I used to scoff at simplistic expressions of faith…and now, years of trolling through academia behind me (I’m really not all that brilliant, I have now come to see) I look back and recognize that I was the silly one. Yes—doctrine, theology, education, history—they all matter immensely, intensely, and very deeply to me. The engaging of my mind through the study of God and humanity is one of my dearest loves and happiest pursuits.
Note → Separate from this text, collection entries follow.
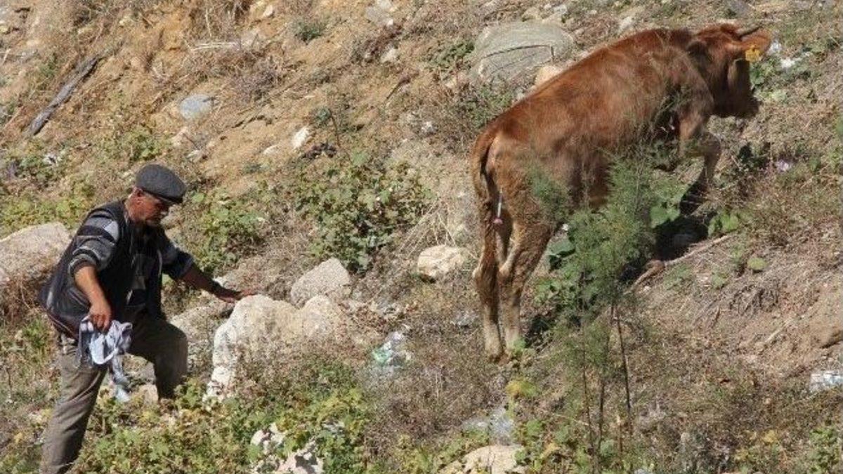 Bursa'da pazarda satılan kurbanlık düve, araçtan indirilirken sahibinin bir anlık dalgınlığından faydalanarak kaçtı. Dere yatağına inen kurbanlık hayvan, uyuşturucu iğne ile sakinleştirildi.Kurban Bayramı’nın ilk gününde Bursa'da bilindik manzaralar bir kez daha yaşandı. Kurban kesimi sırasında yaralanan acemi kasaplar hastaneleri doldurdu. Kimi vatandaşlar kurban kesim alanlarında hijyenik şartlar altında kesim yaparken, kimileri de yasak olan bölgelerde kurbanlarını kesti.Bayramın ilk gününde sahiplerinin elinden kaçan kurbanlıklar da vatandaşları mağdur etti. Yıldırım ilçesindeki İsabey Kurban Pazarı’nda satılan 2,5 yaşındaki düve, sahibinin elinden kaçmayı başardı. Düve sahipleri, kurbanlık hayvanın peşinden koşarak yakalamaya çalıştı. Ancak vatandaşlar başarılı olamayınca Bursa Büyükşehir Belediyesi'nin Alo 153 hattından yardım istedi. Belediye de hemen ekipleri sevk etti. Kurbanlık hayvan son olarak kurban pazarının yakınındaki dere yatağına indi. Burada bekletilen düveye, olay yerine gelen Yıldırım Belediyesi Veteriner İşleri Müdürlüğü ekipleri müdahale etti. Ekipler, uyuşturuculu iğneyle 700 kiloluk düveyi bayılttı. İğneler sebebiyle sersemleşen kurbanlık hayvan, dere yatağını tırmanarak bir evin bahçesine girdi. Kısa süreli kovalamacının ardından kurbanlık düve yakalanarak sahiplerine teslim edildi.Hayvanı sattıktan sonra kaçıran Mustafa Göçmen, "Bizi çok uğraştırdı. Sabahtan beri kurbanın peşindeyiz. En sonunda yakalamayı başardık" dedi.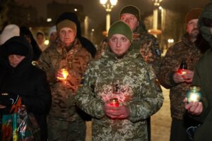 Хвилиною мовчання учасники заходу вшанували пам’ять усіх загиблих внаслідок російської агресії. У різдвяній тиші вони запалили свічки від Вифлеємського вогню миру, який пластуни привезли до України на початку грудня з місця народження Ісуса Христа.
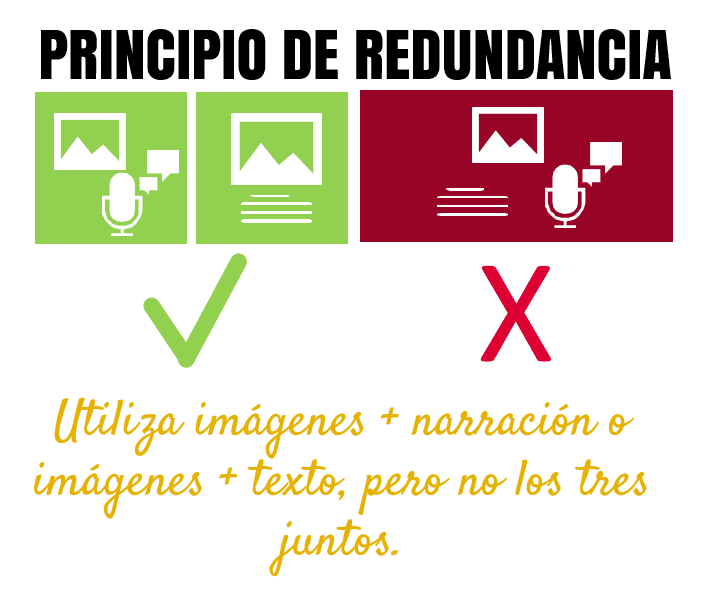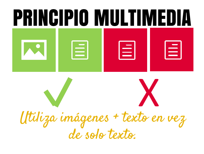 4.-Principio de modalidad: aprendemos mejor con imágenes y narración que son imágenes y texto en las dispositivas o vídeos. Principio multimedia: aprendemos mejor con imágenes y palabras que únicamente con palabras. | 5.-Principio de redundancia: aprendemos mejor con narración e imágenes que con narración, imágenes y texto. Principio de contigüidad espacial: aprendemos mejor cuando tanto la imagen como el texto están físicamente cerca. |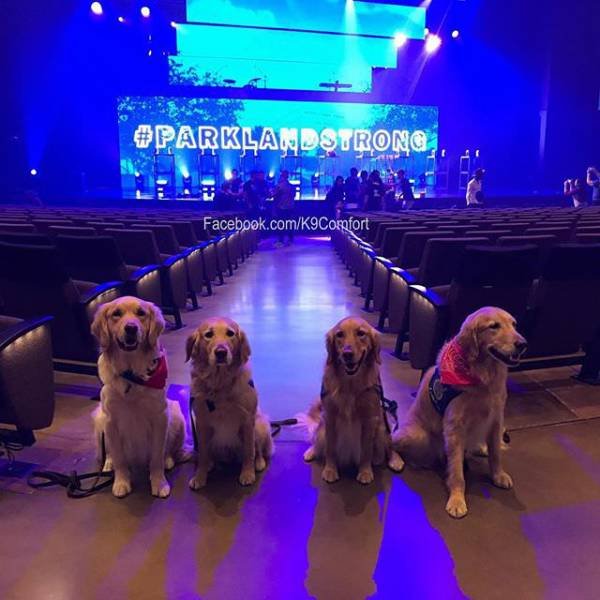 1. Несколько из 19 собак-терапевтов из группы LCC K-9 Comfort Dogs, которые в настоящее время находятся в Паркленде (Parkland), штат Флорида, чтобы оказывать поддержку людям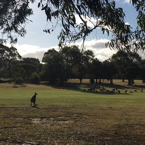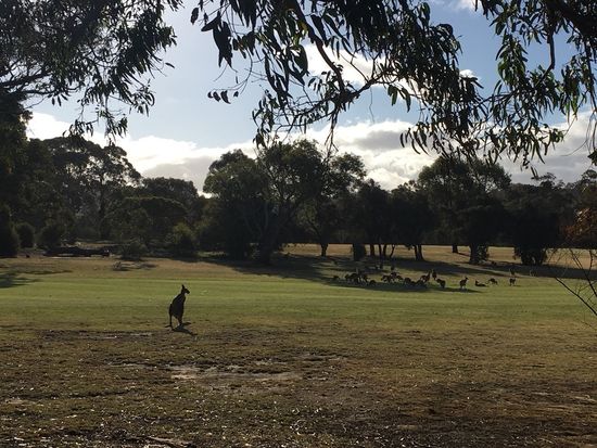 その後、野生のコアラやカンガルーを見に行きました。ゴルフ場の中に群れになっているカンガルーの横でゴルフをしている人がいてオーストリアならではの光景でした。帰りは希望の場所で降ろしてもらえ助かりました。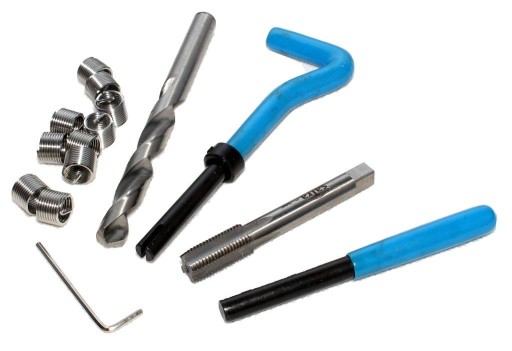 Zestaw do naprawy uszkodzonych gwintów w silnikach i innych elementach pojazdów. Wiertła i gwintowniki wykonane zostały ze stali szybkotnącej HSS. Gwintowniki jednostopniowe, nacinają gwint, w który wprowadza się wkładkę spiralną z twardej stali nierdzewnej. Do wprowadzenia wkładki służy pokrętło prowadzące, oraz wybijak, który obłamuje wystającą końcówkę wkładki.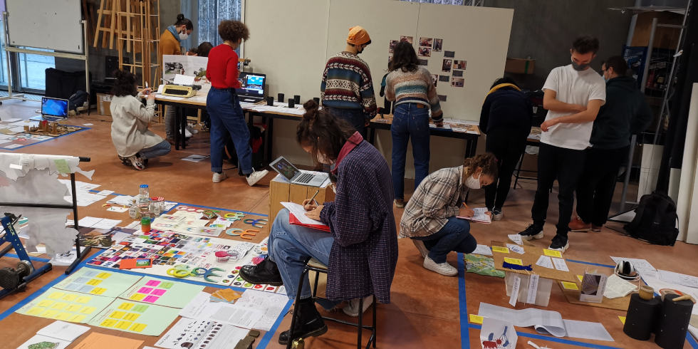 Le mardi 15 décembre 2020, les étudiants de DNMADe IS et ceux de DSAA2 présentent leurs recherches. Outils et prémices de projets sont “étalés” au Grand Atelier. Les échanges croisent, augmentent, enrichissent, provoquent des rencontres, voire redirigent les idées, intentions, pistes engagées. Un moment d’échanges qui engage sans nul doute de fructueuses collaborations entre étudiants de ces 2 formations.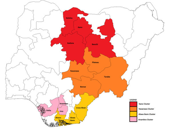 The project is being implemented in three Northern states on the USAID funded KNCV Nigeria TB LON 1 & 2 project namely Kano, Katsina, Bauchi and one Southern State Akwa Ibom. These are high TB burden states with a combination of three or more of the following: large population density, high incidence of under nutrition, high number of nutrition clinics availability of diagnostic facilities, high number of Children on the streets, high TB yield but less than 7% childhood TB, Large number of slums, high number of public schools.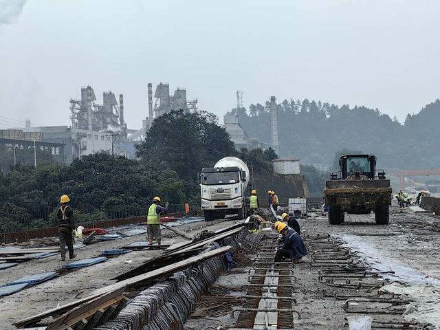 离开连界收费站进入钒钛大道一期,行驶1公里多的路程,来到了正在施工的钒钛大道二期标尾,工人正在进行钒钛大桥的桥梁防护栏和隔离带施工。“因为以后主要是运送危险化学品和原材料的大型货车罐车经过,所以防撞强度要比一般的桥梁要求更高。”威远经开区规划建设局工作人员段儒兵在一旁说道。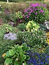 Steinbedet står i en skråning, og det krever en del planlegging for å få alle plantene til å fungere som de skal.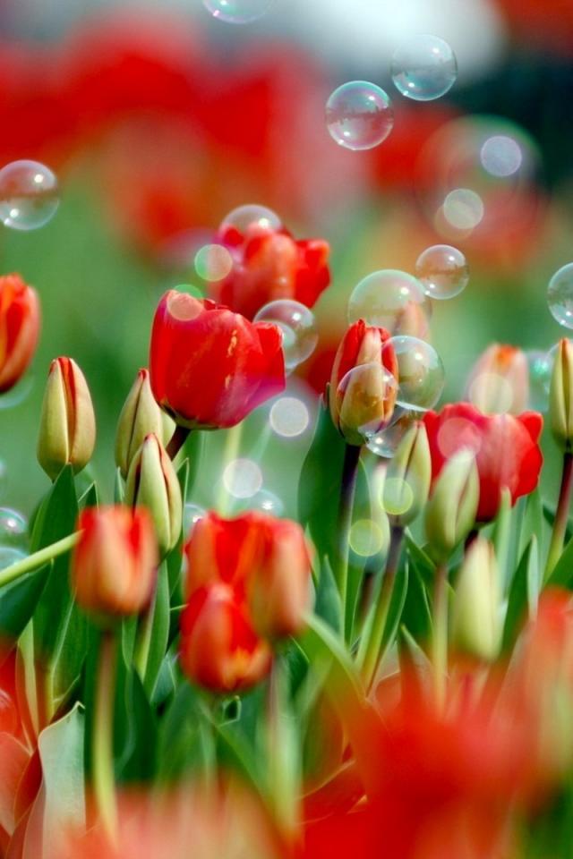 Wallpaper Tulips and Bubbles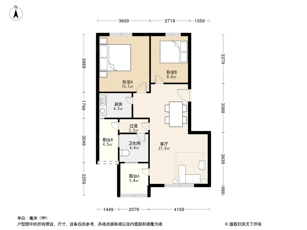 户型齐全,主打客厅朝南,双阳台二居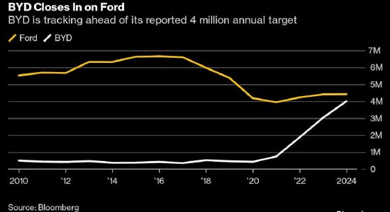 在第三季度营收首次超过电动汽车竞争对手特斯拉之后,比亚迪有望在另一项指标上赶超传统汽车巨头福特。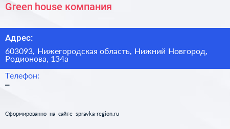 Green house, компания по адресу 603093, Нижегородская область, Нижний Новгород, Родионова, 134а в дальнейшем Организация, размещена в следующих категориях: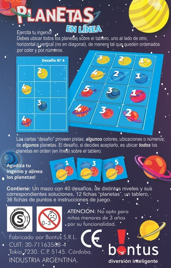 Ejercitá tu ingenio ubicando planetas en orden sobre el tablero siguiendo las pistas de las cartas desafío. ¡Alineá los planetas y resolvé el misterio espacial!

That said, if I do not possess a heart that says with truthfulness “I love You” and “I need You”, then I am robbing myself of all the beauty of studying God…because when I look at something so vast and mysterious and Beautiful, True, and Good, it had better make me recognize my need, or I am running in circles chasing my own tail, dooming myself to “searching the Scriptures” and missing the Word Himself, like the Pharisees.
My food for thought today:
“Our Lord needs from us neither great deeds nor profound thoughts. Neither intelligence nor talents. He cherishes simplicity.” and “Kneeling before the tabernacle, I can think of only one thing to say to our Lord: “My God, you know that I love You.” And I feel that my prayer does not weary Jesus; knowing my weakness, He is satisfied with my good will.”
- St. Therese de Lisieux
“John 5:39-40 You search the scriptures, because you think you have eternal life through them; even they testify on my behalf. But you do not want to come to me to have life.”